● **Materials provided**
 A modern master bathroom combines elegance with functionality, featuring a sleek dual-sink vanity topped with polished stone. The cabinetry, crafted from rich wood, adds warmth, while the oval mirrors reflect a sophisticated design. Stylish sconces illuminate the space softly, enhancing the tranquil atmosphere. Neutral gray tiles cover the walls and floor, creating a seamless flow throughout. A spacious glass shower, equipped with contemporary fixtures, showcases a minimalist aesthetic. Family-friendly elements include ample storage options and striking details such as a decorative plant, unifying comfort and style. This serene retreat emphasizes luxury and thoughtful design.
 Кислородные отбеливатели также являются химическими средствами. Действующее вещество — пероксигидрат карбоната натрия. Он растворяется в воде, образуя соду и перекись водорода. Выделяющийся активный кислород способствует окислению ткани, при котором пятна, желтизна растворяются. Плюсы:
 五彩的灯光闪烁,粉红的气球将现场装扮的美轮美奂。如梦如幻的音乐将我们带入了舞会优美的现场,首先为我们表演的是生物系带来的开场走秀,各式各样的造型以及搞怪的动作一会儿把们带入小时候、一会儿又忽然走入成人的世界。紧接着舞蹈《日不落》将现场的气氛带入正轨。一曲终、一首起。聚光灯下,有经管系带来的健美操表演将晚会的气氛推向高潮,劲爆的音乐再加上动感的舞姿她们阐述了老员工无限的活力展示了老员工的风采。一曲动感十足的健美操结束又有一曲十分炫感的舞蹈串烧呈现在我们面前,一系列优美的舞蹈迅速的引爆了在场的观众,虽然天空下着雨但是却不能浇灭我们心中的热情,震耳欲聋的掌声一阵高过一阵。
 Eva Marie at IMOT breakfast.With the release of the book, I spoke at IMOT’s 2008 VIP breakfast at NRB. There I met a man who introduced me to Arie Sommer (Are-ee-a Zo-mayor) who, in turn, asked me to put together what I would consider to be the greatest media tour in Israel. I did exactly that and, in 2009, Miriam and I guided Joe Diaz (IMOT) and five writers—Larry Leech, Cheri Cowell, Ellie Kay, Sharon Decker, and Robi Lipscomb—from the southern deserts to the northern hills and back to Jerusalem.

--

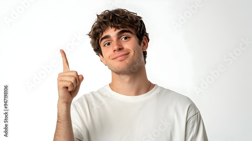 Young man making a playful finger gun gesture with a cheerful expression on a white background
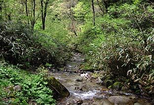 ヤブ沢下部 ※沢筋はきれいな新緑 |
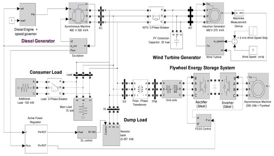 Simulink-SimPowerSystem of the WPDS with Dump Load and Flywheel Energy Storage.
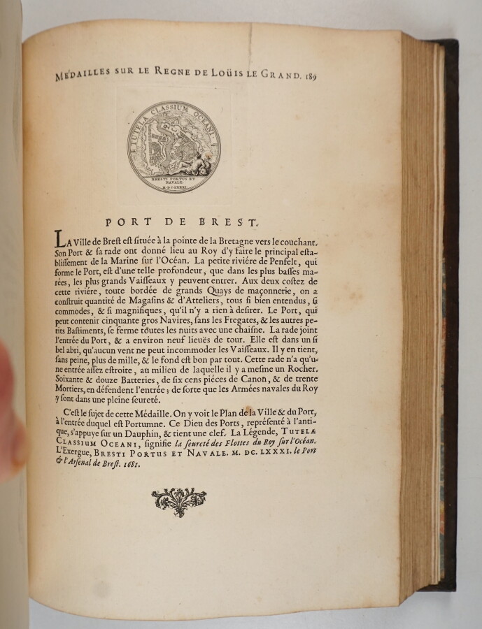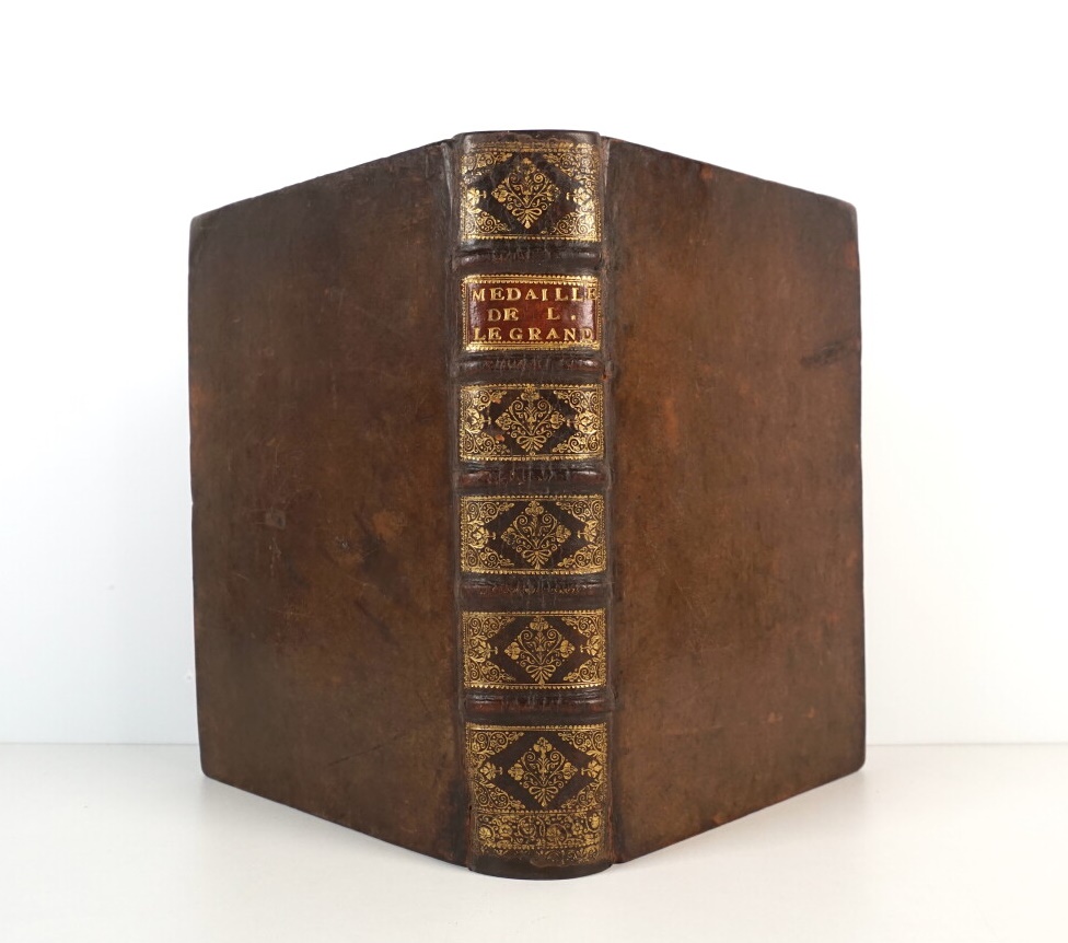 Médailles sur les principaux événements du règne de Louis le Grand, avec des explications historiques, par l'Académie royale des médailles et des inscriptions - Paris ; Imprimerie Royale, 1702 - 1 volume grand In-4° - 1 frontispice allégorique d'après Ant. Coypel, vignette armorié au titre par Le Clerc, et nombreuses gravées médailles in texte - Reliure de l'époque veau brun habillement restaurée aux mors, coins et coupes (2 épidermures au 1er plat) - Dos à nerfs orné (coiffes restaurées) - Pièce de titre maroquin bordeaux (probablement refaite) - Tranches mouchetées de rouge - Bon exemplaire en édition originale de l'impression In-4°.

---

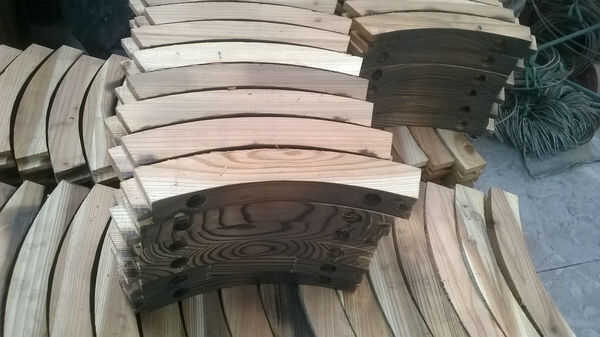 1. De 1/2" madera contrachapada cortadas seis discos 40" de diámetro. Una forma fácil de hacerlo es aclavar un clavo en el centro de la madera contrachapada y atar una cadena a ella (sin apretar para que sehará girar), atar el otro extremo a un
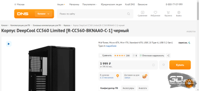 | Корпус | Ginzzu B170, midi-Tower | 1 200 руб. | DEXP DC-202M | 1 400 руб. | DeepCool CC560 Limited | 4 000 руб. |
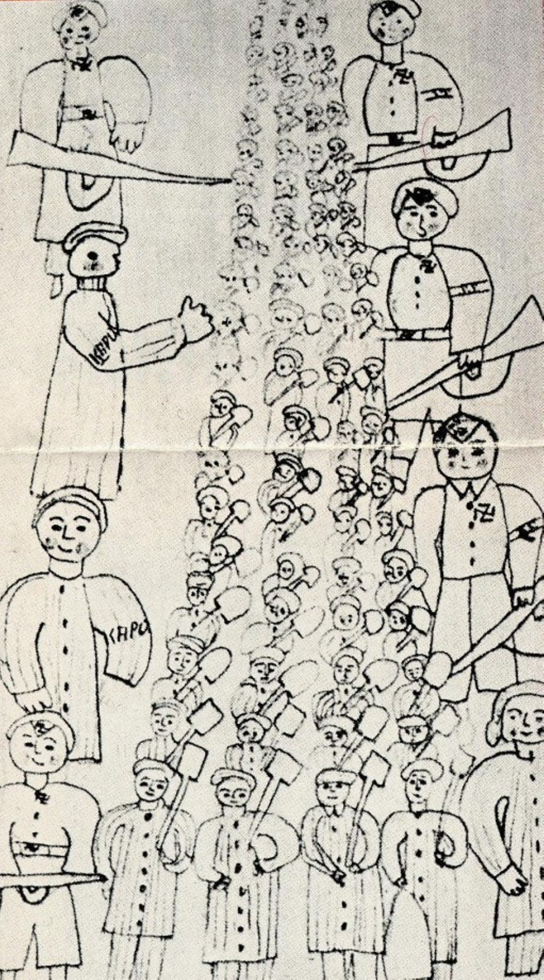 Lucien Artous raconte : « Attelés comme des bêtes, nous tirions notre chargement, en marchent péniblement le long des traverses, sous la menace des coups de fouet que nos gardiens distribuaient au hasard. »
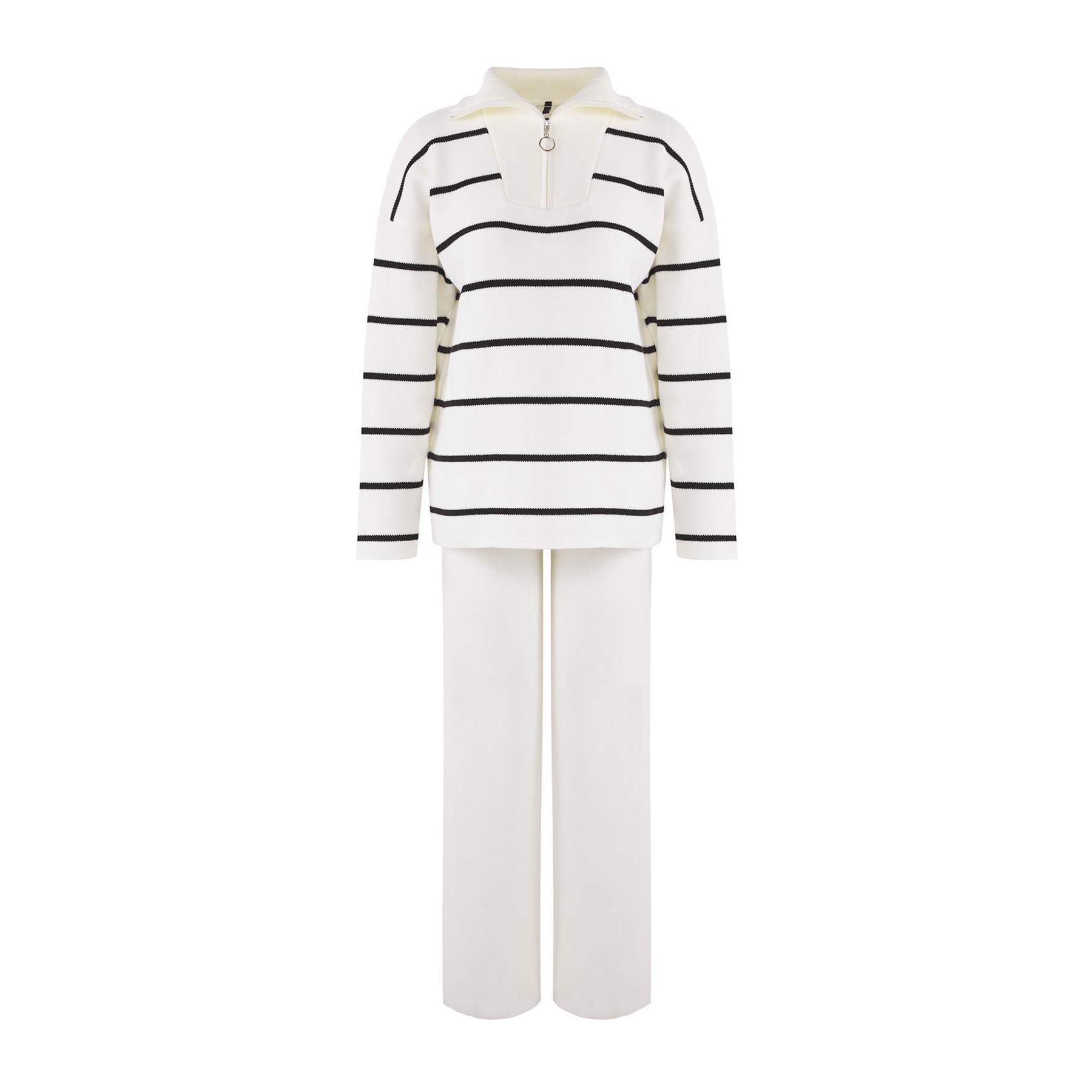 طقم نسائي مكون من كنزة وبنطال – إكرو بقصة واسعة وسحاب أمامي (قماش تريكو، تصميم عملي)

● **Task goal**
Could you report all lines of the listing that hold "from"?

● **Solution to the exercise**
 A modern master bathroom combines elegance with functionality, featuring a sleek dual-sink vanity topped with polished stone. The cabinetry, crafted from rich wood, adds warmth, while the oval mirrors reflect a sophisticated design. Stylish sconces illuminate the space softly, enhancing the tranquil atmosphere. Neutral gray tiles cover the walls and floor, creating a seamless flow throughout. A spacious glass shower, equipped with contemporary fixtures, showcases a minimalist aesthetic. Family-friendly elements include ample storage options and striking details such as a decorative plant, unifying comfort and style. This serene retreat emphasizes luxury and thoughtful design.
 Eva Marie at IMOT breakfast.With the release of the book, I spoke at IMOT’s 2008 VIP breakfast at NRB. There I met a man who introduced me to Arie Sommer (Are-ee-a Zo-mayor) who, in turn, asked me to put together what I would consider to be the greatest media tour in Israel. I did exactly that and, in 2009, Miriam and I guided Joe Diaz (IMOT) and five writers—Larry Leech, Cheri Cowell, Ellie Kay, Sharon Decker, and Robi Lipscomb—from the southern deserts to the northern hills and back to Jerusalem.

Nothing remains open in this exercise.